Она лишь кивает, не глядя на меня.... А я... Обхватываю ее талию, прижимая к себе. Втягиваю носом мускусный аромат нашего секса– и зверь внутри меня лениво рычит, укладываясь спать. Мирра помечена мной. Она моя.

Весь день я думал о ней, все так странно, так неопределенно– впервые я не знаю, что делать дальше. Сметающая все на своем пути ненависть постепенно трансформируется в спокойствие, подобие нежности. Но нет! Нужно не забывать, зачем она здесь! Я– словно сумасшедший, в котором уживается несколько личностей, вечно спорящих между собой. Одна яростно требует наказать хотя бы эту за преступление её матери. Преступление не во всеобщем его значении. Её преступление гораздо хуже. Она посмела подарить одинокому и измученному чужой ненавистью мальчишке надежду. Надежду на то, что всё будет хорошо. Дни, наполненные её добротой и заботой. А после взяла и разом всего лишила.

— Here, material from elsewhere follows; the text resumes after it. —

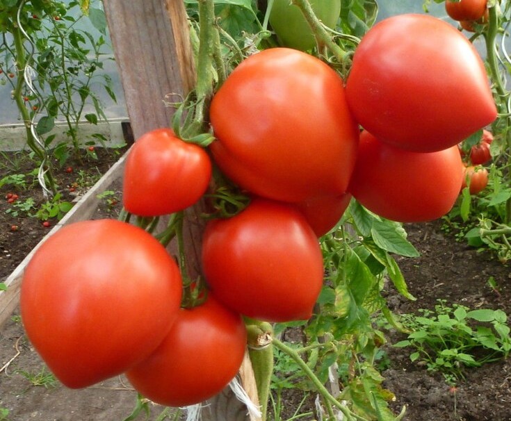 Помидоры сливовидной формы с выступающим «соском» на конце, в стадии зрелости красного цвета. Имеют отличный вкус, оригинальный вид. Вес плода около 150 г.

Другой голос твердит, что ни Юла, ни её другие дети не виноваты в моей и Лиоры искалеченной судьбе. Я знаю, кто единственный виновный. И лишь он должен расплачиваться за всё.

17. Мирра

Днём Дем отправляет меня в барак, даже не взглянув. Он собирается улетать с острова, оставив приказания охране насчёт девушек.

Нас несколько дней почти не кормят, одна из девушек несколько раз падает в голодный обморок. Я бросаюсь к ней, чтобы поднять. Другие девушки лишь отворачиваются– доброта здесь не в цене, да и слабых не жалуют вовсе. А любые симпатии тут же замечают охранники, передавая эту информацию наверх. Чтобы после можно было использовать это как рычаг давления или способ очередного издевательства.

Девушка, тихо плача, признается мне, что беременна от одного из охранников– тот обещал спасти ее с острова, но обманул, воспользовавшись. Если хозяин узнает о ее беременности, то ребенка отдадут в приют, как только он родится. Об абортах речи быть не могло– дети– слишком ценный ресурс в мире, где очень многие после излучения не могут их иметь. Глупые! Знали бы они, сколько такого чумазого голодного" ресурса" бегает по закоулкам трущоб. Я тайком делюсь своей частью еды с ней, лишь прося, чтобы она ела ночью, иначе могут отобрать другие– нас то приковывают, то нет. Жаль, ведь я бы смогла найти съедобные травы, насекомых– да что угодно. По выживанию мне нет равных. А как иначе– трущобах каждый день – это выживание. С самого детства выросшая там, я практически не видела иной жизни. Разве что, будучи в услужении. Но, вернувшись после него обратно, мне стало казаться, что все это происходило не со мной, а с какой-то другой Миррой. Или же всё былое– только мои фантазии.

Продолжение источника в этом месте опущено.